> [EXERCISE REQUIREMENTS] Begin the copy at the line containing "2020年4月9日,揚(yá" in the data below and end it at the line containing "Add a touch", keeping each line exact and leaving out pictures.

> [GIVEN DATA]
*** Begin section ***
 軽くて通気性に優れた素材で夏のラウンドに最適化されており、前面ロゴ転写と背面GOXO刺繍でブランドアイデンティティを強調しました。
*** End section ***
*** Begin section ***
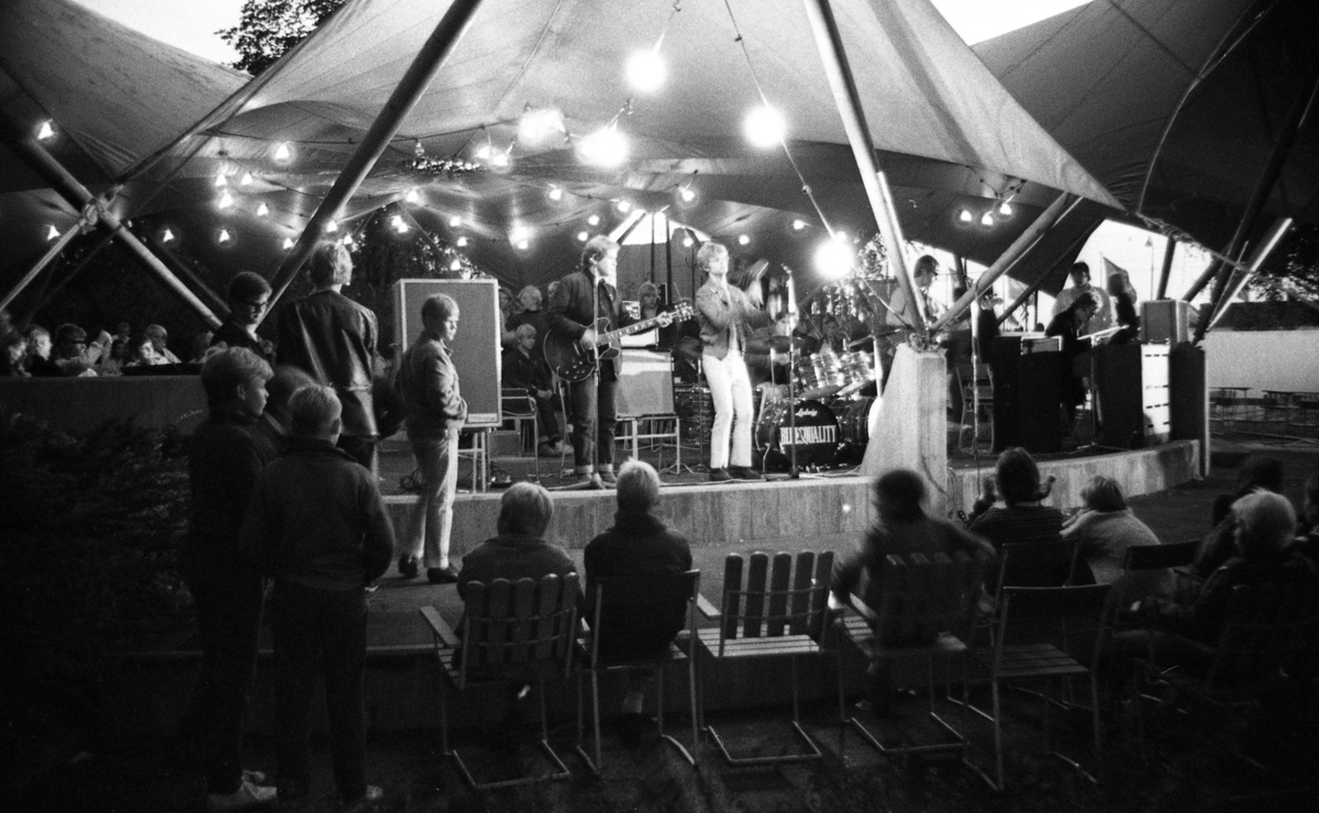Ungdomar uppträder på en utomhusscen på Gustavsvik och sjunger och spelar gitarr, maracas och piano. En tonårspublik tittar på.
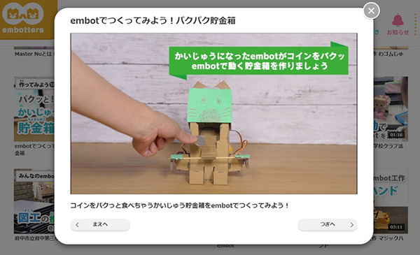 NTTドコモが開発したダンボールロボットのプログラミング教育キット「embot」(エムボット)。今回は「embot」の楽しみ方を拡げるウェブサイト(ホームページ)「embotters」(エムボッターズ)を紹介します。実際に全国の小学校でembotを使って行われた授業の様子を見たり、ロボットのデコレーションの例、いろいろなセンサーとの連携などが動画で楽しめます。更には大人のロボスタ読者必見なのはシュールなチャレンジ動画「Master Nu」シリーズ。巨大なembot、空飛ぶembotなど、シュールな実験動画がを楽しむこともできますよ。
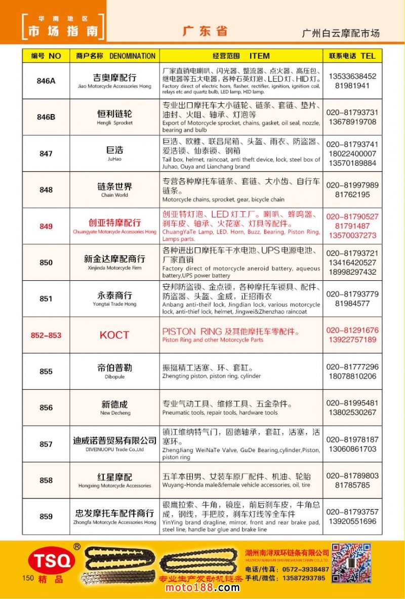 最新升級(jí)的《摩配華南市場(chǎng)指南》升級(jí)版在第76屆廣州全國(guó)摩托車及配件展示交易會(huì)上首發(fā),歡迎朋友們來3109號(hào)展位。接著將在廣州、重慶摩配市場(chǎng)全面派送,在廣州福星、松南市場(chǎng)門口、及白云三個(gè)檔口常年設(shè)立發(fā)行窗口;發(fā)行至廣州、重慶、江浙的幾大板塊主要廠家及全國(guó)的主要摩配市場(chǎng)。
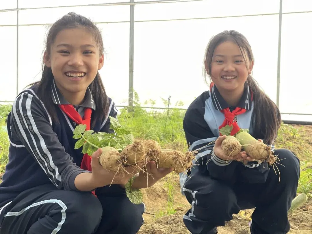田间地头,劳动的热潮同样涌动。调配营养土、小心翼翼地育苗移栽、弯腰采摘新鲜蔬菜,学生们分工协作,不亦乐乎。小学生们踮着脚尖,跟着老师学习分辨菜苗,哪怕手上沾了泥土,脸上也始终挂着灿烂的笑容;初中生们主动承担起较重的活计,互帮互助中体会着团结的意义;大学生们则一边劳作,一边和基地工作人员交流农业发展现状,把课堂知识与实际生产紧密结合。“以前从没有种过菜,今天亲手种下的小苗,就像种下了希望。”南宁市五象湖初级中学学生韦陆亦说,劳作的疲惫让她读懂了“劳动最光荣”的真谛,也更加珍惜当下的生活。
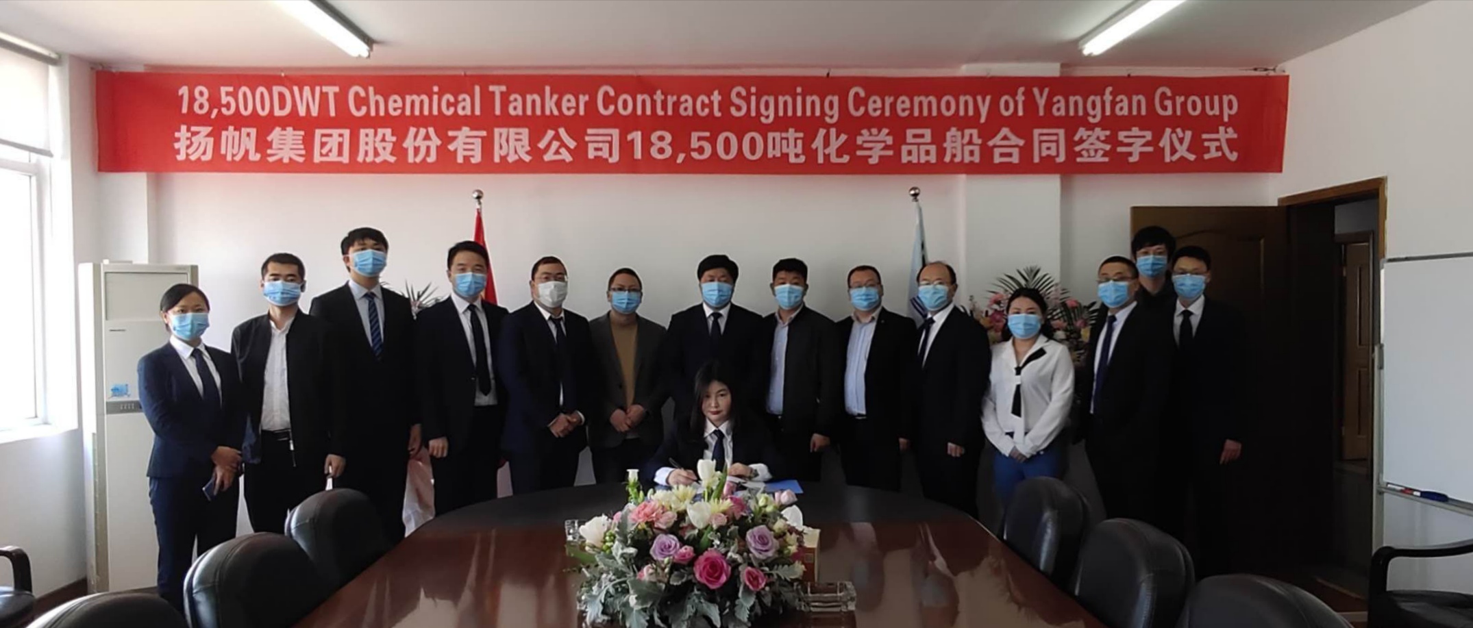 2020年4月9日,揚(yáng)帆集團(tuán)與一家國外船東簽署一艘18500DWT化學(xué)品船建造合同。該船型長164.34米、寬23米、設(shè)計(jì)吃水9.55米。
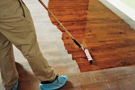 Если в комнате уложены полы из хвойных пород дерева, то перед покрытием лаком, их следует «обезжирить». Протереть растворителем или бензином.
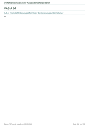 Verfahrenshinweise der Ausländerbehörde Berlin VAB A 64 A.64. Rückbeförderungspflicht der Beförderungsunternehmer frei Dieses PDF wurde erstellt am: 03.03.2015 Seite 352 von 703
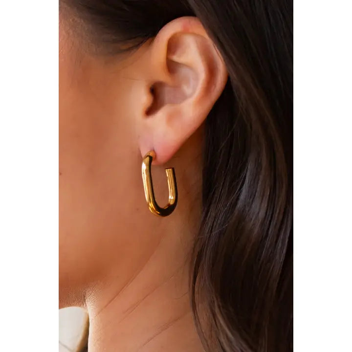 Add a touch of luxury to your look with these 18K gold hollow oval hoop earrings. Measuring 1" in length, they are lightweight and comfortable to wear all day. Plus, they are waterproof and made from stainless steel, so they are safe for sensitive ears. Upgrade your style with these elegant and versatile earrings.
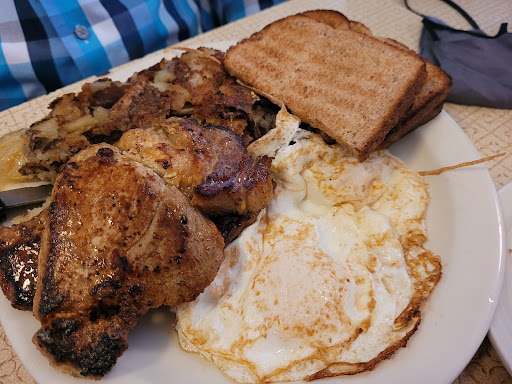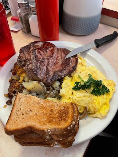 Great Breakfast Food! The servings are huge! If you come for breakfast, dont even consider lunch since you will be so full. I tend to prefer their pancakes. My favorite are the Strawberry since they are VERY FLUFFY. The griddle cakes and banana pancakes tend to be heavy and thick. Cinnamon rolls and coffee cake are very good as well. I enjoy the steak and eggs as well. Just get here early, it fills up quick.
*** End section ***
> [WRITTEN RESPONSE]
 2020年4月9日,揚(yáng)帆集團(tuán)與一家國外船東簽署一艘18500DWT化學(xué)品船建造合同。該船型長164.34米、寬23米、設(shè)計(jì)吃水9.55米。
 Если в комнате уложены полы из хвойных пород дерева, то перед покрытием лаком, их следует «обезжирить». Протереть растворителем или бензином.
 Verfahrenshinweise der Ausländerbehörde Berlin VAB A 64 A.64. Rückbeförderungspflicht der Beförderungsunternehmer frei Dieses PDF wurde erstellt am: 03.03.2015 Seite 352 von 703
 Add a touch of luxury to your look with these 18K gold hollow oval hoop earrings. Measuring 1" in length, they are lightweight and comfortable to wear all day. Plus, they are waterproof and made from stainless steel, so they are safe for sensitive ears. Upgrade your style with these elegant and versatile earrings.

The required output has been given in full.